Şimdiye kadar yapılanların küçük adımlar olduğu görülüyor. Oysaki yeterince büyümüş ve kangren haline gelmiş bir sorun küçük adımlarla çözülmez. Kaldı ki seçime endeksli yol haritaları da başarı değil; başarısızlığı getirir.

Hükümet çözüm sürecine girişirken “sorunu” değil; “sorun çıkaranı” tek muhatap olarak alması, sorunu çözmeye yönelik saikını ve amacını en baştan ortaya koymuştu. Asıl amacının Kürt sorununun çözümü değil, PKK`ye silah bıraktırma olduğu kısa süre sonra anlaşılmış. Devam eden süreçte ise hükümet, Kürt halkını PKK`nin olmayan insafına terk etti. Kendisine bu hususta yapılan eleştiri ve önerilere ise aldırış etmedi.

Hükümetin çözüm sürecine yönelik politikası ağırlıklı olarak asker ve polislerin cenazelerinin gelmemesine yönelik olmuştur. Bu ölümleri engelleyici ve endeksli politika yürütmüş. Ancak gelinen nokta itibariyle devletin Kürdistan`da varlığı ciddi anlamda zayıflamış. Çözüm süreci ile birlikte devlet Kürdistan`da halkın can ve mal güvenliğini sağlama noktasında neredeyse yok hükmündedir. Bu süreçte devlet sürekli yeni ve güvenli karakollar inşa ederken PKK ise bombalama, yakma, kundaklama, saldırma, silah ve adam toplamaya devam etti ve hiçbir şekilde herhangi bir yerden de çekilmedi. Hükümet bir paralel ile mücadele ederken diğer yandan bir başka paralelin doğmasına göz yummuştur.

Adına “demokratik çözüm süreci” dedikleri bu süreci PKK ve yan oluşumları, kendileri dışında ses veren oluşumları doksanlarda olduğu gibi sindirme ve saf dışı etme gayretiyle sürdürmektedirler. Bu güne kadar atılan adımlar, PKK`nin kabul edilmesi ve de PKK`nin hâkimiyetini kurmak ve güçlendirmek için kendisine imkân verilmesinden başka bir şey ifade etmiyor.

Bu çözüm sürecinin tarafları olan hükümet ile PKK, birbirlerini oyalama sürecinde özellikle hükümet kendi açısından bazı kazanımlar elde etmenin peşindeyken bu süreçte ciddi anlamda PKK güçlendi.
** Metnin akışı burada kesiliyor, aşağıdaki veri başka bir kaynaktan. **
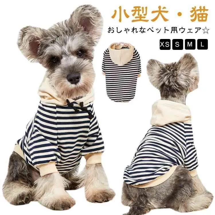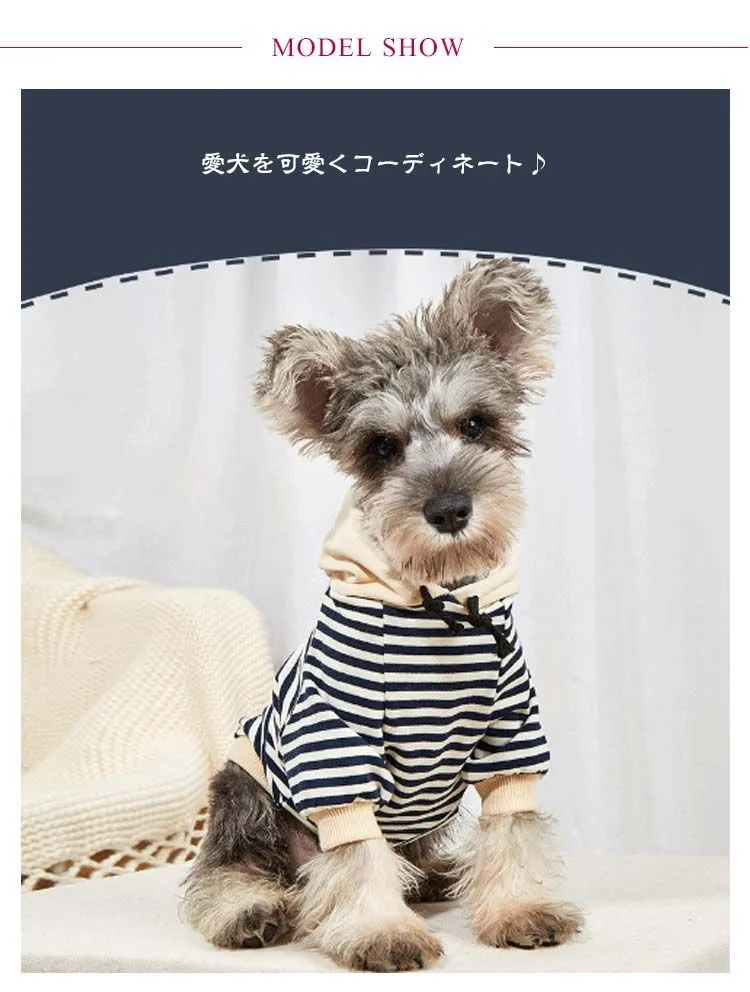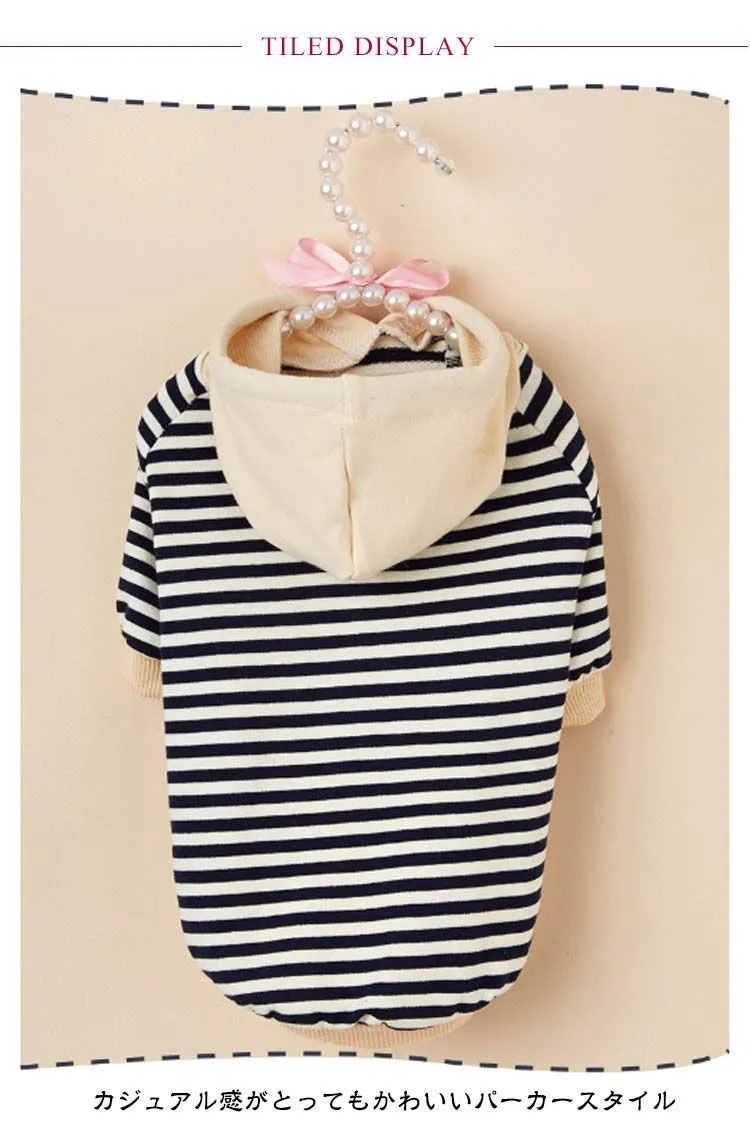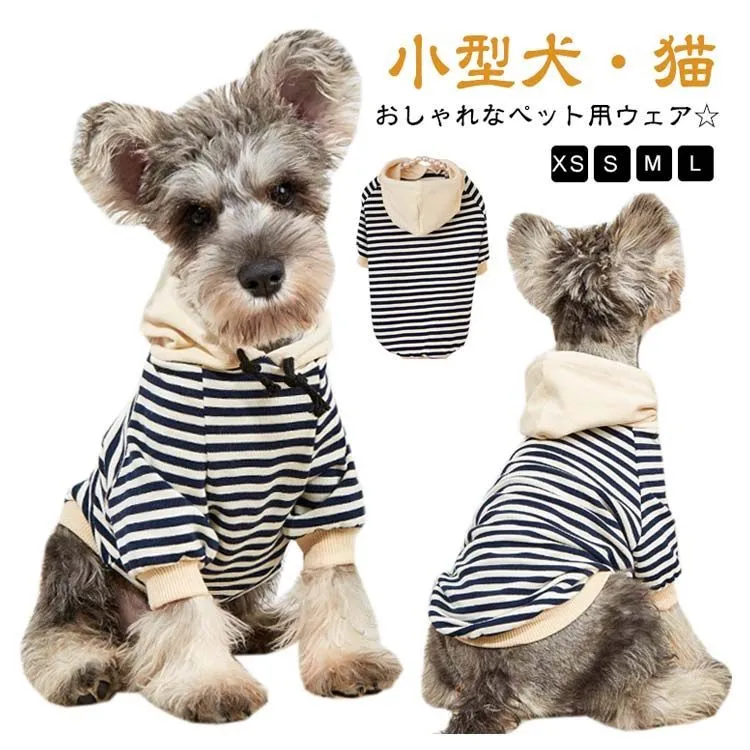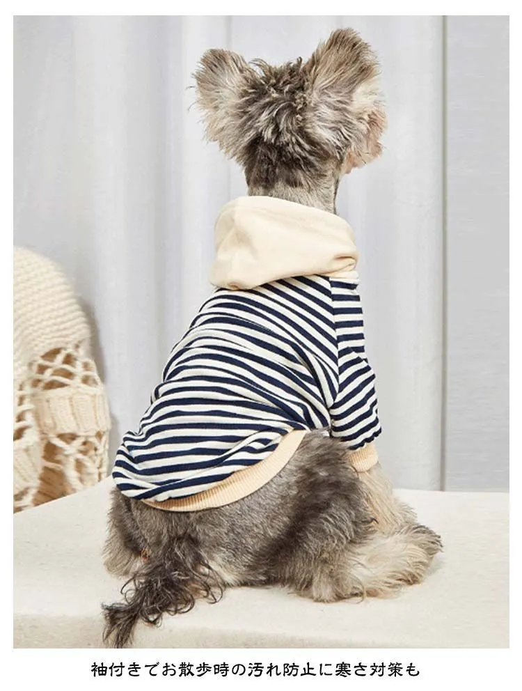 秋冬 可愛い 猫服 防寒 フード付き 小型犬 ペット服 猫 パーカー 犬の服 袖あり 犬服 秋服 犬用・猫用・キャットウェア お洒落 ボーダー 柄 着せやすい 寒さ対策 春 お散歩 ワンちゃん ネコ#sowa6585824

Nitekim geçen günlerde A.Tuğluk “ PKK tarihinin en güçlü dönemini yaşıyor. İsterse, savaş seçeneğine yönelebilir ve sonuç da alabilir, dedi. Hatta S.Demirtaş, Devletin PKK`ye silah vermesini isteyebilecek kadar ileri gitti. Oysaki bu süreçte PKK`nin silahsızlandırılması öngörülmüş ve pazarlıklar bu doğrultuda yapılmıştı. HDP`li yöneticilerin bu ifadeleri bu süreçte PKK`nin kazanımlarını ortaya koyması açısından önemlidir.

Salt askerlerin öldürülmemesi çözüm sürecinde başarı olarak lanse edilmesi ve sürecin sadece bu olumlu yanlarını görmek doğru değildir. Bu süreç aynı zamanda Türk kamuoyunda PKK`nin tartışılmasına, itibar görmesine ve kısmen de olsa meşruiyet kazanmasına sebebiyet vermesi yönüyle de PKK açısından siyasi anlamda bir kazançtır.

Hükümetin programında belirttiği hususların gerçekleşebilmesi için sorunun bütün aktörlerinin ve toplumsal temsilcilerinin hepsinin muhatap alınması gerekir. Bununla birlikte sürecin şeffaflık içinde yürütülmesi zorunludur. Tüm ülkenin katıldığı ve herkesin bildiği yol haritasıyla devam edilmelidir. Bunun için de çözüm süreci Meclis denetiminde yürütülmelidir. Aksi takdirde yapılan çözüm değil; olası menfaat ve çıkar hesabı olur.